Task to complete |
The entries below contain pictures. Write out only the lines from the line with "梅田 Zeela(ジーラ) スケジュール" up to and including the line with "- Vegan, paraben", exactly, without them.

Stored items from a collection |
+--

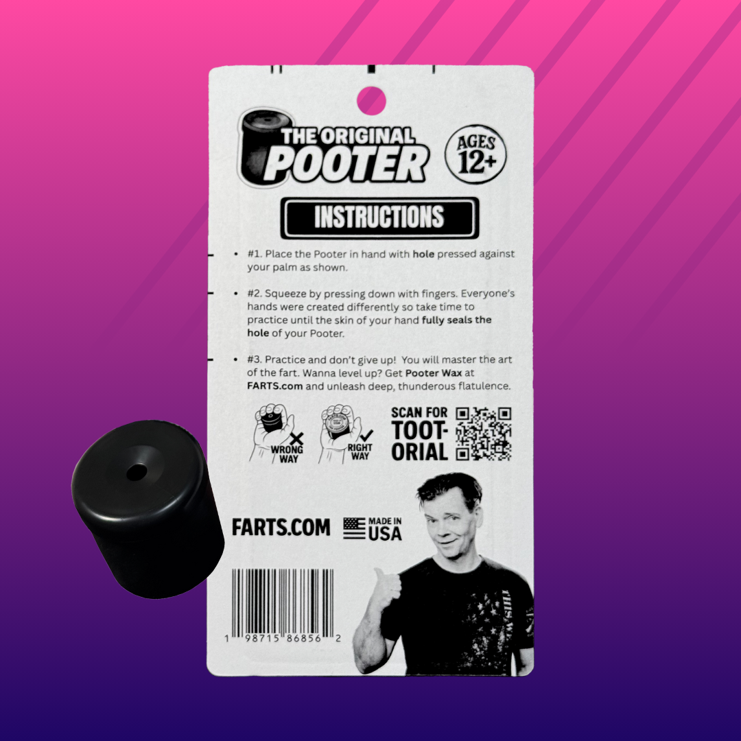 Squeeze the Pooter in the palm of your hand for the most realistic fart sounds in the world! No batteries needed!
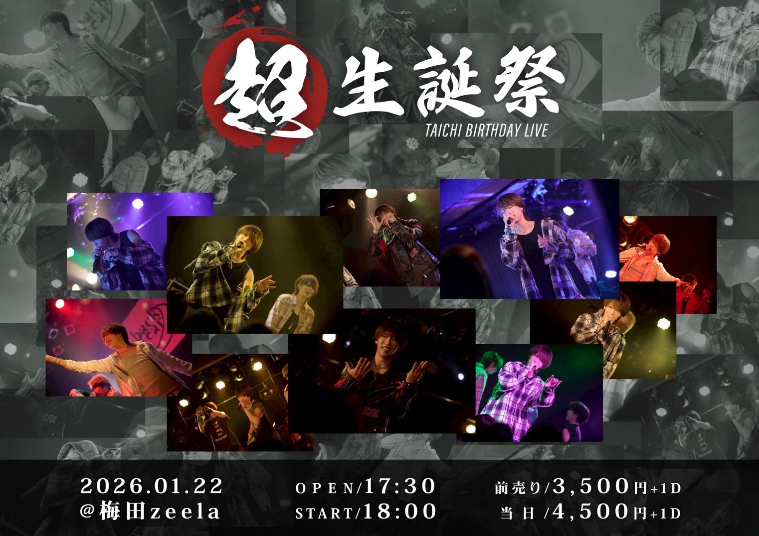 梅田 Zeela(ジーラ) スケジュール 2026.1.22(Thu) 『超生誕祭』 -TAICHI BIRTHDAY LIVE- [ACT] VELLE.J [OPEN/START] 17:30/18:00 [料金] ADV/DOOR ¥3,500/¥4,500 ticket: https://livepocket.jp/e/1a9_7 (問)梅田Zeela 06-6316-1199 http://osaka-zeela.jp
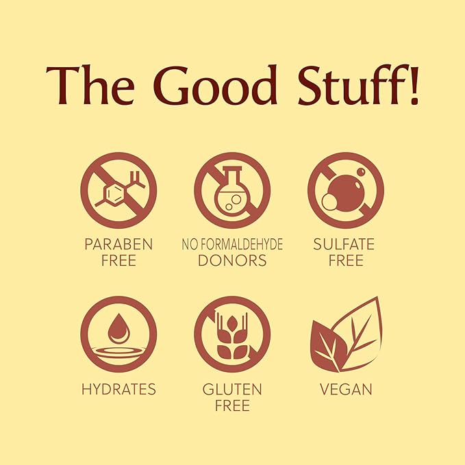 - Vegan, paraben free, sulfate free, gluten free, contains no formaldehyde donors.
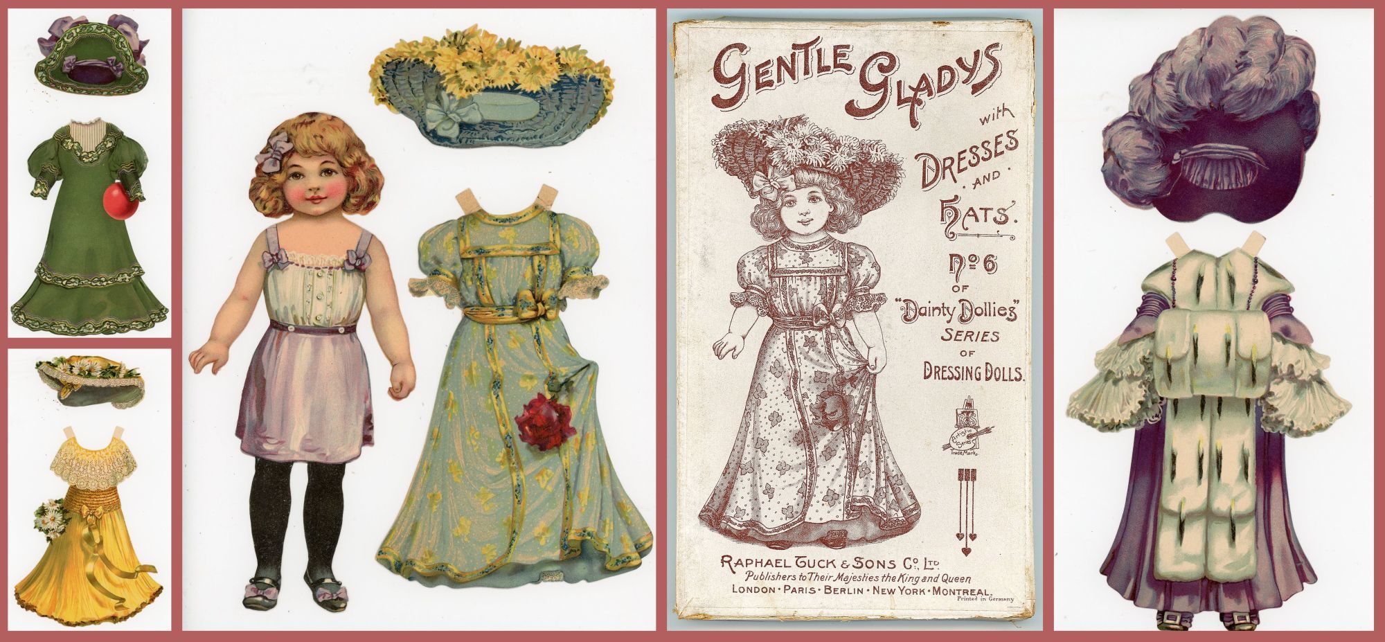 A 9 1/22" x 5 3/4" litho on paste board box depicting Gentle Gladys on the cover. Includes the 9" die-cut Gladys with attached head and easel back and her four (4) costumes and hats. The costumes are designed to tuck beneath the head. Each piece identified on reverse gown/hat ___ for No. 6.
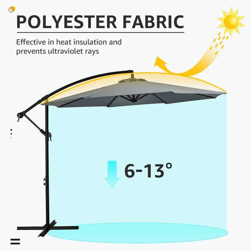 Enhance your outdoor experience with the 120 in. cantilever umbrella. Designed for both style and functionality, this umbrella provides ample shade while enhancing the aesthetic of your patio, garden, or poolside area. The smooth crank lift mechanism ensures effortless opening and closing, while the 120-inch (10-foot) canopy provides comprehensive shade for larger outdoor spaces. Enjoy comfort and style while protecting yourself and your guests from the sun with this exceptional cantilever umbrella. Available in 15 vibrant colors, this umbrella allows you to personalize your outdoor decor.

+--

Written solution |
 梅田 Zeela(ジーラ) スケジュール 2026.1.22(Thu) 『超生誕祭』 -TAICHI BIRTHDAY LIVE- [ACT] VELLE.J [OPEN/START] 17:30/18:00 [料金] ADV/DOOR ¥3,500/¥4,500 ticket: https://livepocket.jp/e/1a9_7 (問)梅田Zeela 06-6316-1199 http://osaka-zeela.jp
 - Vegan, paraben free, sulfate free, gluten free, contains no formaldehyde donors.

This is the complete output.